» **Records provided**
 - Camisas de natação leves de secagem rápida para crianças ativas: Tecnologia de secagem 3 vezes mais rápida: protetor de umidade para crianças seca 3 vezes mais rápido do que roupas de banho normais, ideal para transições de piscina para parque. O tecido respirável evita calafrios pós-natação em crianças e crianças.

==

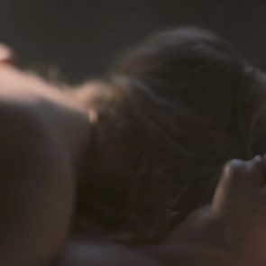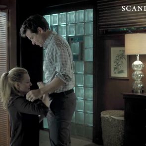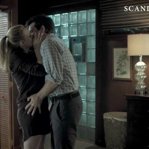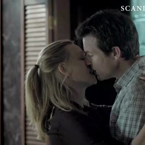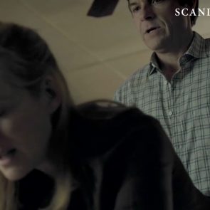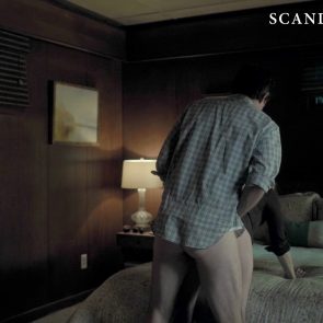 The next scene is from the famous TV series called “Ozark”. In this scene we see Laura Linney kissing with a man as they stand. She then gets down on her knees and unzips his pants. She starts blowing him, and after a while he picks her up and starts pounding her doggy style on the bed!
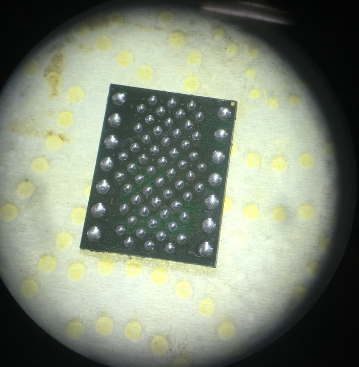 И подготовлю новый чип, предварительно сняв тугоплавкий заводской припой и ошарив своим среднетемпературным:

» **Goal of the exercise**
Of the lines above, quote exactly those from the one with "The next scene" through the one with "И подготовлю новый", ends included; pictures stay out.

» **Response area**
 The next scene is from the famous TV series called “Ozark”. In this scene we see Laura Linney kissing with a man as they stand. She then gets down on her knees and unzips his pants. She starts blowing him, and after a while he picks her up and starts pounding her doggy style on the bed!
 И подготовлю новый чип, предварительно сняв тугоплавкий заводской припой и ошарив своим среднетемпературным:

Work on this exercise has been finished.